● Exercise aim
Write out everything in the records exactly, apart from the pictures.

● Material supplied
######
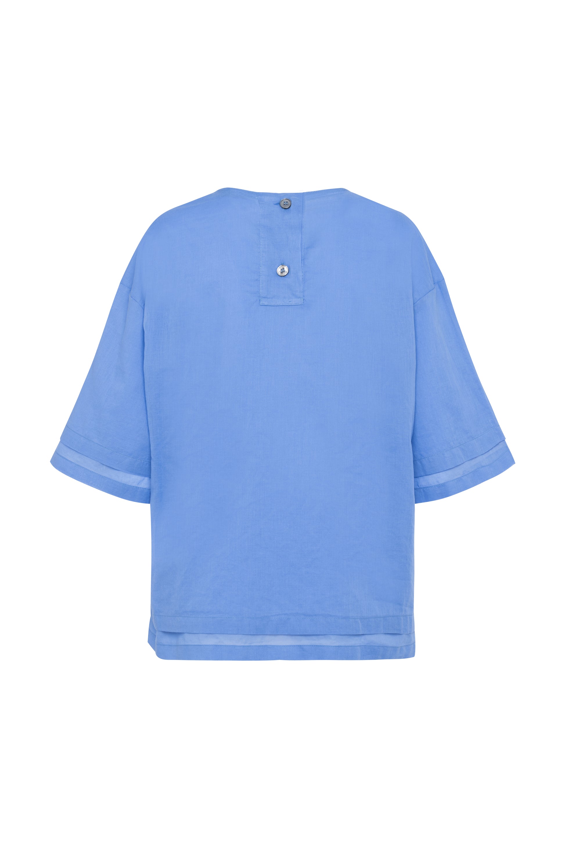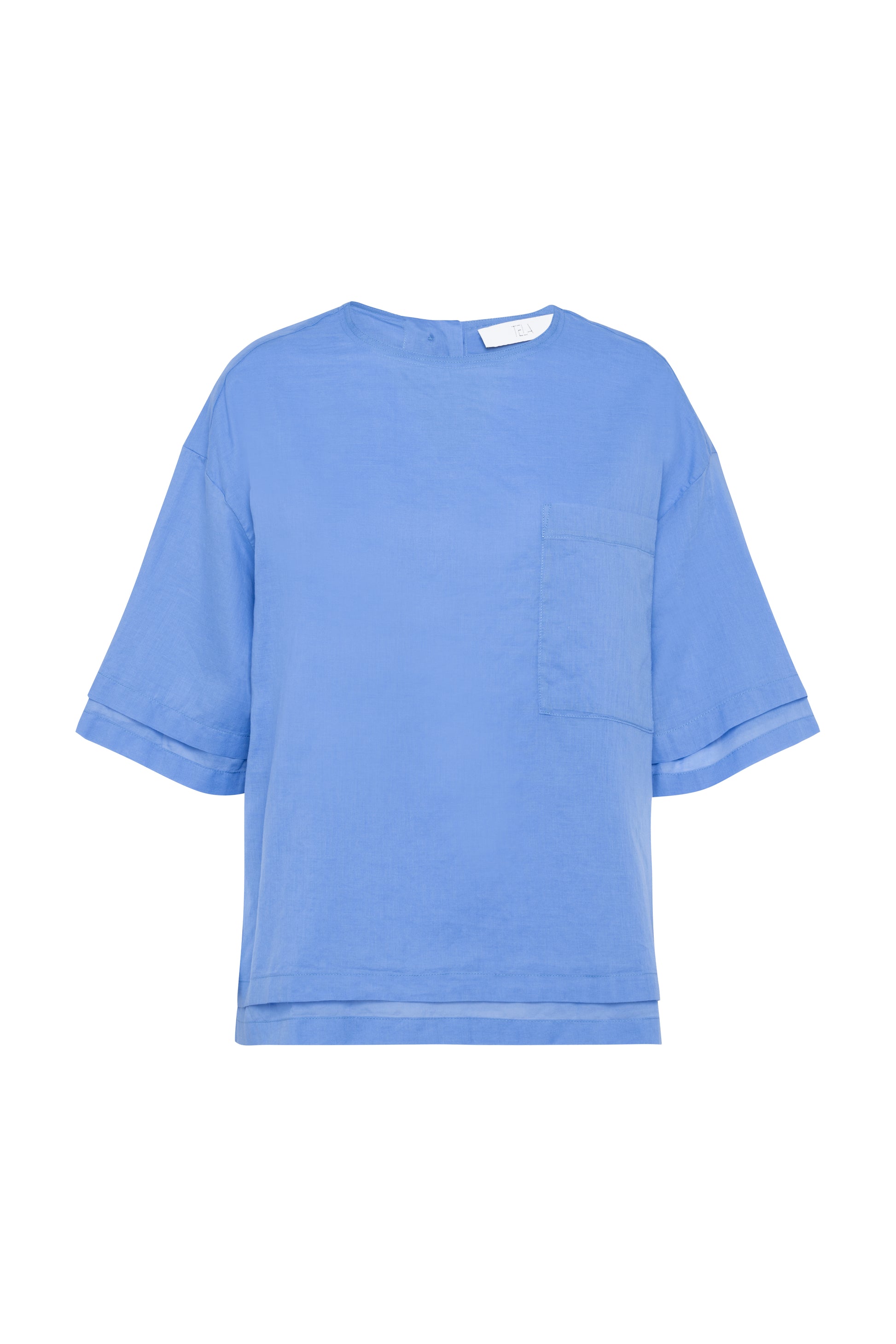 Boxy t-shirt in muslin cotton fabric, with an oversized patch pocket and buttoned neckline at the back.
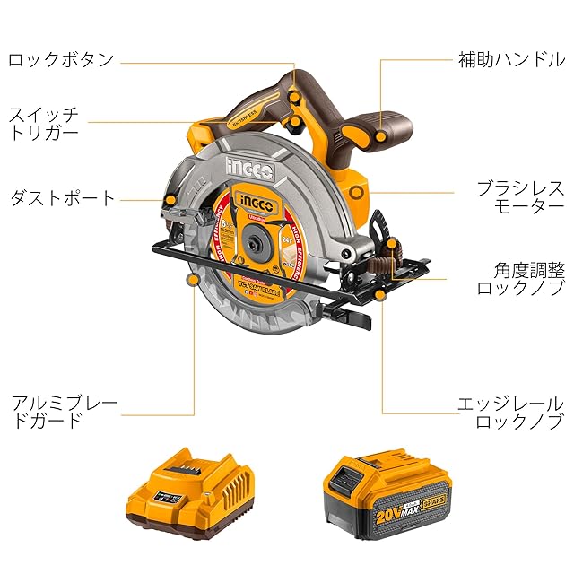 【注意】:INGCOコードレス丸鋸 は 本体です。 INGCO バッテリーのみで兼用、すべての INGCO リチウムイオン 20V 電動工具と互換性があります。
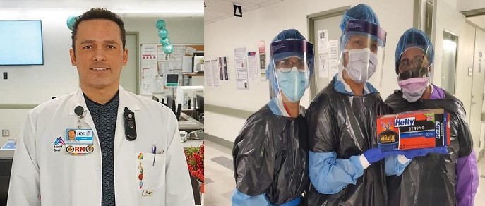 图2 这是纽约殉职护士Kious Kelly。右图是他与同事们在疫情期间穿着垃圾袋工作的照片,曾被全世界各大媒体刊登。他死后,他的亲友们曾呼吁全社会捐赠医用防护设备。在微信上,很多人用他的故事做例子,声称美国医院缺乏基本的防护设备。后来,他所在的医院官方澄清,这张照片中的三个护士都穿戴着医院提供的全套防护设备,医院里也没有出现过医护人员没有防护服可穿的情况。Kelly生前有严重的哮喘病,而新冠病毒对哮喘病人的危害极大。他的死疑似与他的哮喘有关。
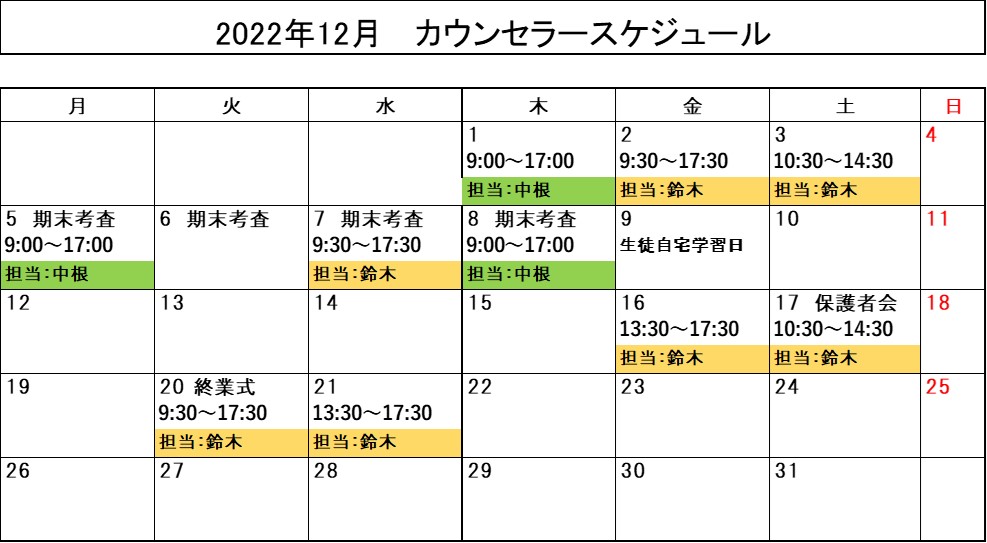 2022年12月カウンセラースケジュール
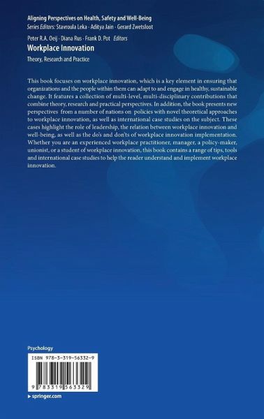 This book focuses on workplace innovation, which is a key element in ensuring that organizations and the people within them can adapt to and engage in healthy, sustainable change. It features a collection of multi-level, multi-disciplinary contributions that combine theory, research and practical perspectives. In addition, the book presents new perspectives from a number of nations on policies with novel theoretical approaches to workplace innovation, as well as international case studies on the subject. These cases highlight the role of leadership, the relation between workplace innovation and well-being, as well as the do's and don'ts of workplace innovation implementation. Whether you are an experienced workplace practitioner, manager, a policy-maker, unionist, or a student of workplace innovation, this book contains a range of tips, tools and international case studies to help the reader understand and implement workplace innovation.
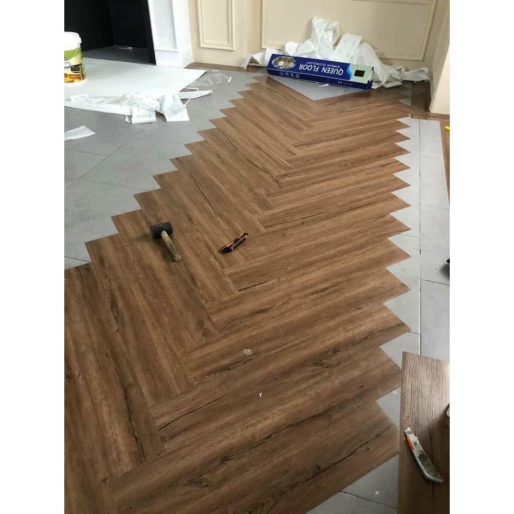 Sàn đã có sẵn keo dán 3 lớp. Chỉ cần bóc và dán, rất đơn giản..
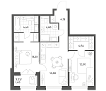 Очередь 1 | 3-комнатная | 77.41 м² | 21.67 м² | 15 |
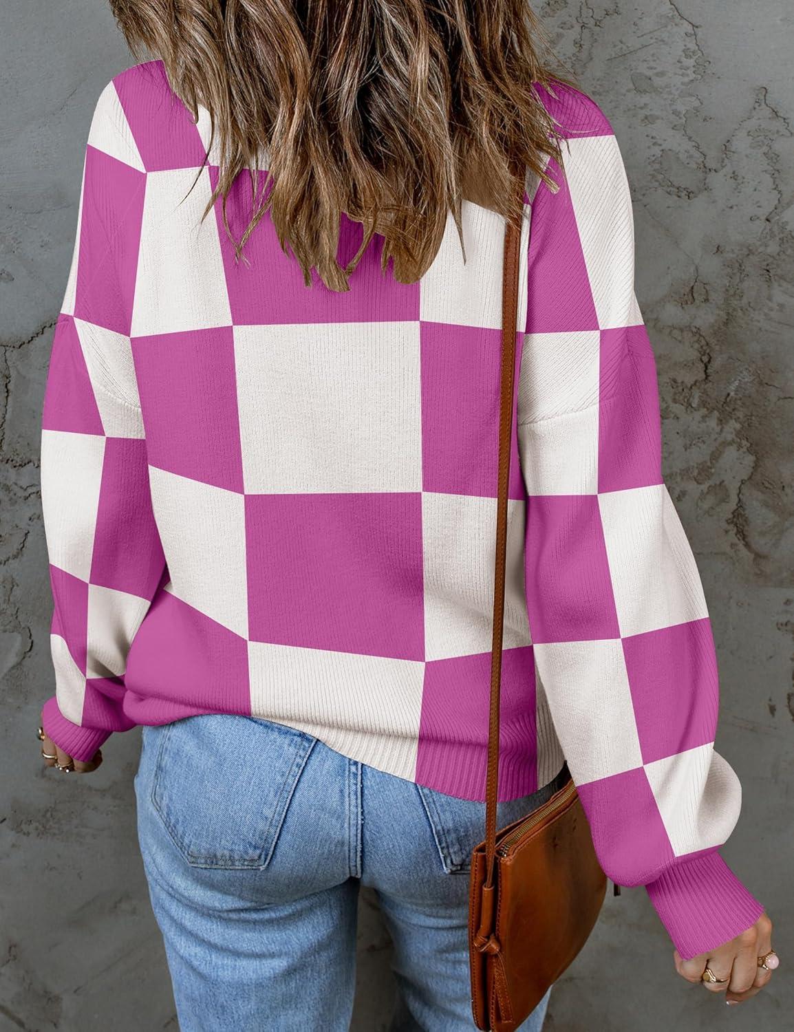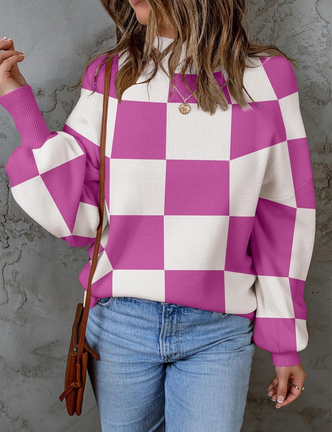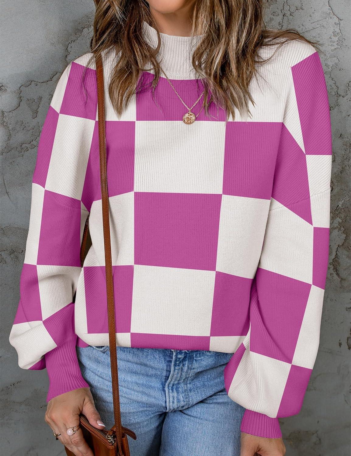 ZESICA Women’s 2025 Fall Fashion Turtleneck Long Sleeve Striped Ribbed Knit Loose Pullover Sweater Tops(Khakiplaid)
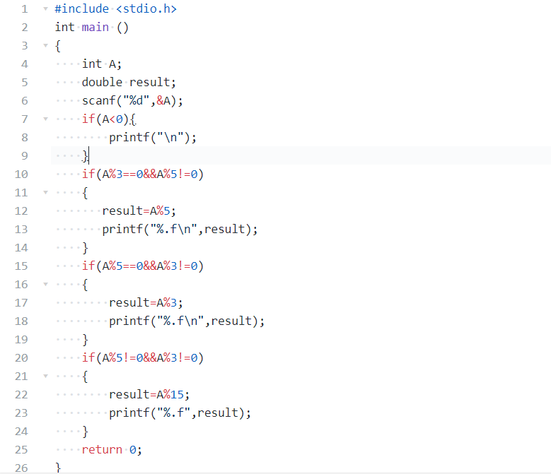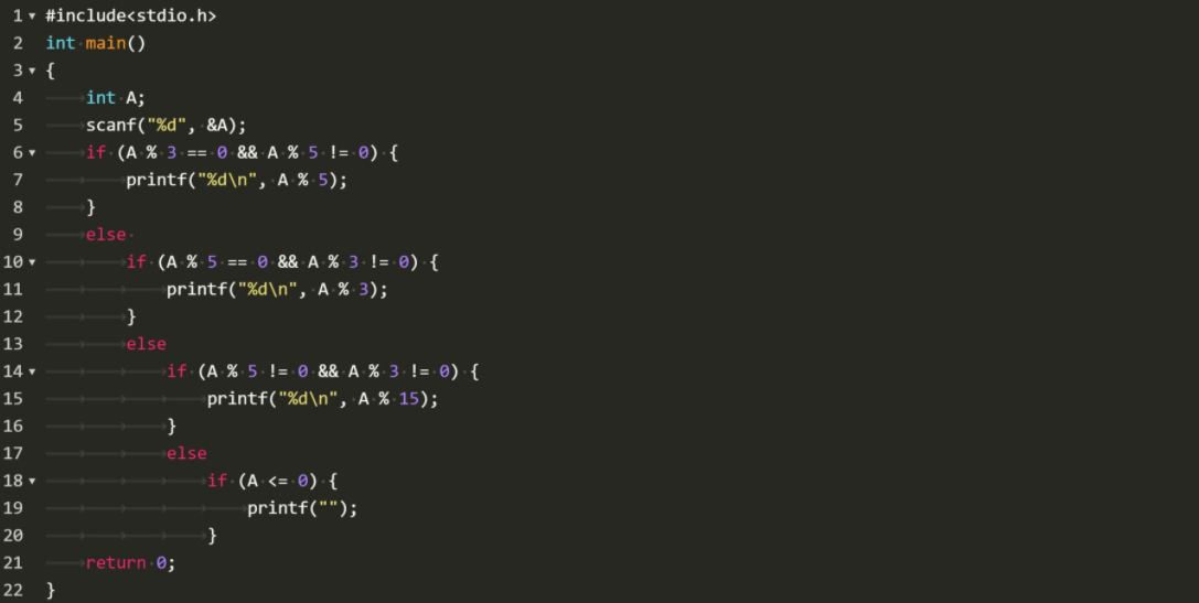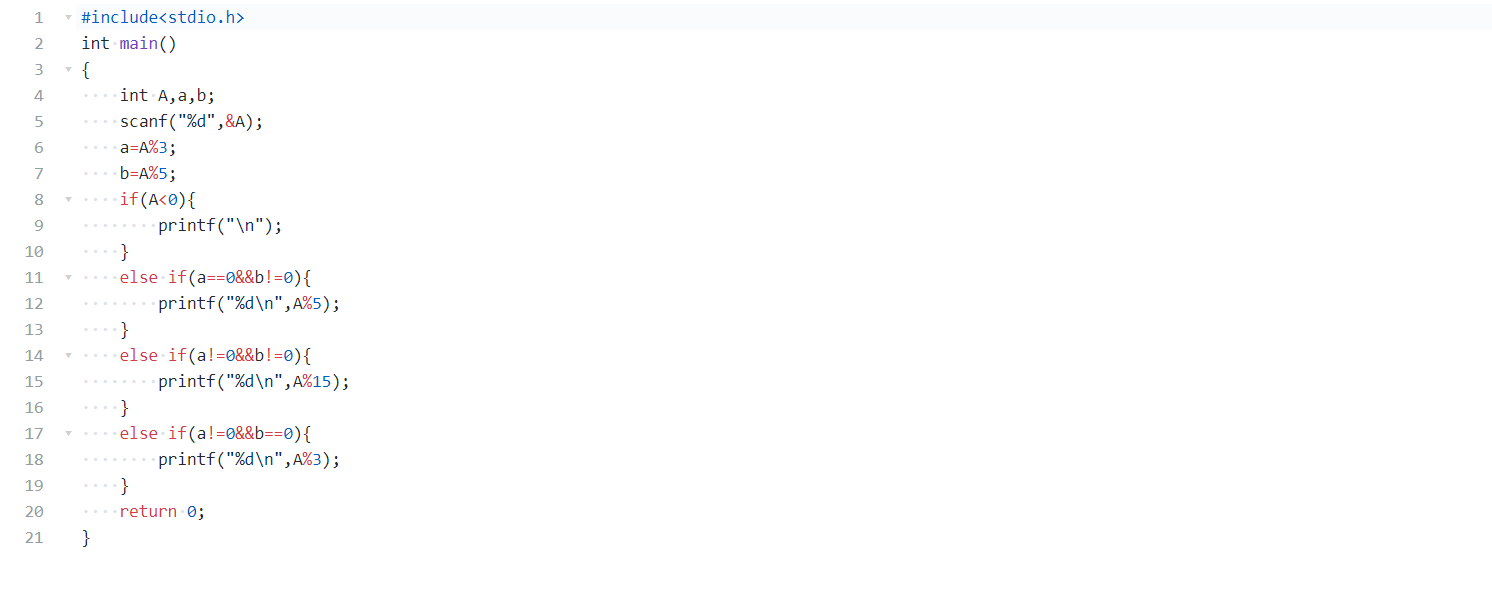 键盘输入1个正的整数A,如果A是3的倍数但不是5的倍数,则输出A除以5的余数。如果A是5的倍数但是不是3的倍数,则输出A除以3的余数。如果A既不是5的倍数但也不是3的倍数,输出A除以15的余数
######
● Exercise result
 Boxy t-shirt in muslin cotton fabric, with an oversized patch pocket and buttoned neckline at the back.
 【注意】:INGCOコードレス丸鋸 は 本体です。 INGCO バッテリーのみで兼用、すべての INGCO リチウムイオン 20V 電動工具と互換性があります。
 图2 这是纽约殉职护士Kious Kelly。右图是他与同事们在疫情期间穿着垃圾袋工作的照片,曾被全世界各大媒体刊登。他死后,他的亲友们曾呼吁全社会捐赠医用防护设备。在微信上,很多人用他的故事做例子,声称美国医院缺乏基本的防护设备。后来,他所在的医院官方澄清,这张照片中的三个护士都穿戴着医院提供的全套防护设备,医院里也没有出现过医护人员没有防护服可穿的情况。Kelly生前有严重的哮喘病,而新冠病毒对哮喘病人的危害极大。他的死疑似与他的哮喘有关。
 2022年12月カウンセラースケジュール
 This book focuses on workplace innovation, which is a key element in ensuring that organizations and the people within them can adapt to and engage in healthy, sustainable change. It features a collection of multi-level, multi-disciplinary contributions that combine theory, research and practical perspectives. In addition, the book presents new perspectives from a number of nations on policies with novel theoretical approaches to workplace innovation, as well as international case studies on the subject. These cases highlight the role of leadership, the relation between workplace innovation and well-being, as well as the do's and don'ts of workplace innovation implementation. Whether you are an experienced workplace practitioner, manager, a policy-maker, unionist, or a student of workplace innovation, this book contains a range of tips, tools and international case studies to help the reader understand and implement workplace innovation.
 Sàn đã có sẵn keo dán 3 lớp. Chỉ cần bóc và dán, rất đơn giản..
 Очередь 1 | 3-комнатная | 77.41 м² | 21.67 м² | 15 |
 ZESICA Women’s 2025 Fall Fashion Turtleneck Long Sleeve Striped Ribbed Knit Loose Pullover Sweater Tops(Khakiplaid)
 键盘输入1个正的整数A,如果A是3的倍数但不是5的倍数,则输出A除以5的余数。如果A是5的倍数但是不是3的倍数,则输出A除以3的余数。如果A既不是5的倍数但也不是3的倍数,输出A除以15的余数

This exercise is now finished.